It's always fun when articles in expensive scholarly journals reach the age at which the public can read them free of charge. By clicking here, you can download a free copy of this article from the Journal of the National Cancer Institute:
It's a pretty authoritative study that seems to contradict an earlier study, accepted by the United Nations' public health officials but not those of the United States, that pronoounced glyphosate to be a "probable carcinogen." Citing stacks of other interesting studies, Andreotti et al. report that a statistical study found only weak correlations between glyphosate exposure and several types of cancer, with the exception of myeloid leukemia. There was a stronger correlation between glyphosate exposure and myeloid leukemia. Also, most of the glyphosate-exposed cancer survivors had been exposed to other carcinogens.
Does that mean glyphosate is not a carcinogen?
Wouldn't it be pleasant if our bodies could only suffer from one kind of damage at a time? /Wouldn't it be fair? You have a broken arm, so you can't have a broken leg. You are too much Thanksgiving dinner, so you can't have food poisoning. You used to smoke cigarettes, so glyphosate couldn't have had anything to do with your having lung cancer.
Bosh.
Any naturopathic doctor will tell you that, actually, the causes of symptoms are more likely to be "all of the above" than to be "either/or." The person with the broken arm is more likely to have a broken leg, from the same accident or a later one, because the person's bones aren't as hard as they ought to be. The person who ate too much turkey is more likely to have ingested more of the bacteria that cause food poisoning. The person who used to smoke cigarettes has done some damage that makes it easier for cancer to develop in per lungs, and glyphosate may add to that damage and speed up the growth of the cancer.
The Andreotti team's results don't contradict the results of other glyphosate studies. They fit right in with the pattern observed in studies of immediate, often minor, glyphosate reactions: Most individuals will show some sort of adverse reaction, but most individuals will not show one of several specific reactions, because glyphosate reactions are such individual things.
Glyphosate reactions aren't even necessarily determined by the method of exposure. It seems logical that skin lesions would form when glyphosate makes contact with skin, respiratory symptoms would result from inhaling glyphosate vapors, and gastrointestinal symptoms would result from eating glyphosate-tainted food. To some extent that's what we observe, but it's not perfect. If you have a chance to watch a crowd of unsuspecting people react to glyphosate vapors you'll see quite a few bolting toward bathrooms rather than coughing and sneezing, though you'll see plenty of coughing and sneezing, probably some asthma...and also possibly some narcolepsy, some vertigo, some mental confusion and/or mood swings. People will complain of "having a bad day" with chronic conditions as arthritis, thyroid failure, or neuromuscular diseases flare up. People will feel tired, or will suddenly notice that weather that seemed perfect before exposure feels terribly hot or cold. There is probably a disease condition that glyphosate does not seem to mimic or aggravate but I'm not sure what it might be. Glyphosate reactions among people who don't have Hansen's Disease don't seem to resemble Hansen's Disease, but has anyone observed the reactions of people who have Hansen's Disease?

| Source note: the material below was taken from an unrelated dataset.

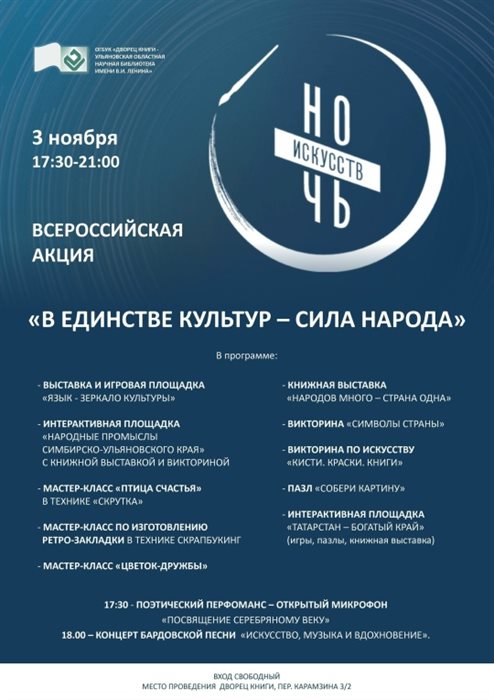 Большое количество мастер-классов и других мероприятий ждет ульяновцев 3 ноября с 17:30 до 21:00 во Дворце книги. Расписание на афише, вход свободный, 6+.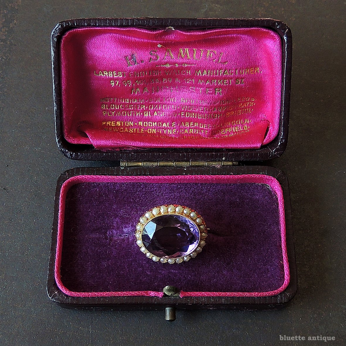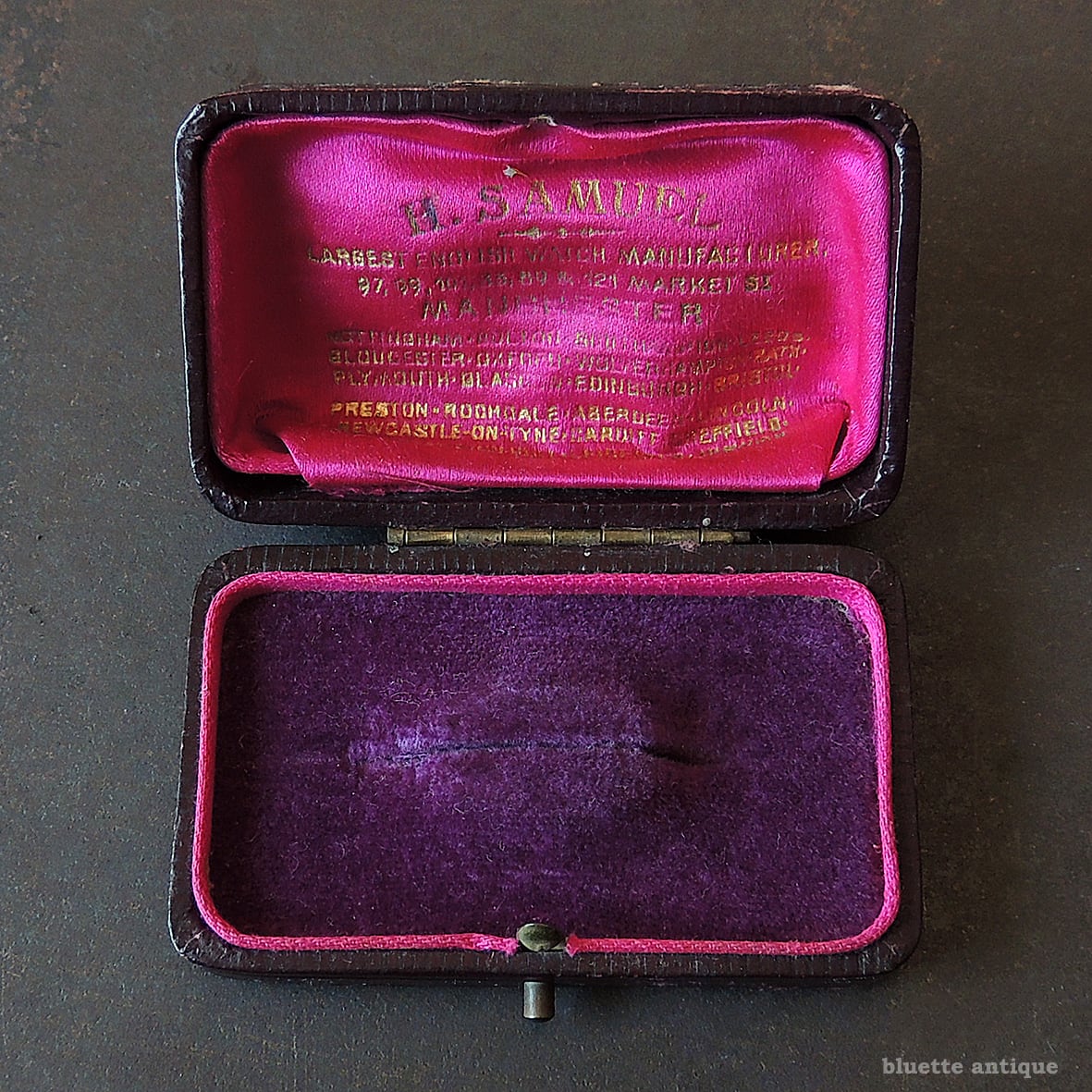 イギリスの老舗宝飾・時計商「H. SAMUEL」によるアンティークジュエリーケースです。蓋裏には読みにくい所も有りますが「H. SAMUEL LARGEST ENGLISH WATCH MANUFACTURER 97, 99, 101, 33, 89 & 121 MARKET ST. MANCHESTER」と金箔押しが施されており、当時の販売店用ケースであったことが確認できます。

Before a decision was made that cancer patients should sue Bayer first because they were generally the patients with the lowest life expectancies, people already knew that most people who have glyphosate reactions don't get any kind of cancer. Most people do have unpleasant glyphosate reactions, though many don't recognize what they are reacting to. Most people never get cancer. Even most smokers don't get cancer. The "real cause," the necessary cause without which cancer can't get started however badly the tissue has been damaged, may turn out to be a virus--but that doesn't mean we can ignore the extent to which tissue damage increases the risk of cancer.
There being no question that glyphosate does damage human body tissue, the question is whether, in addition to promoting the progress of cancers affecting the skin, eyes, nose, mouth, digestive system generally, and lungs, glyphosate also increases our risk of developing bizarre, obscure forms of cancer like multiple myeloma. (Weak but positive correlation.) And what Andreotti's data actually tell us is that it does. Especially, for reasons unknown, myeloid leukemia.
Though the gall with which Bayer and other corporate shills defend glyphosate, the insolence of their quibbling style of debate, is truly astounding, rest assured, Gentle Readers, that both in this world and the next, people who are apparently motivated "just to watch [others] die" tend to find themselves in places where they don't want to be.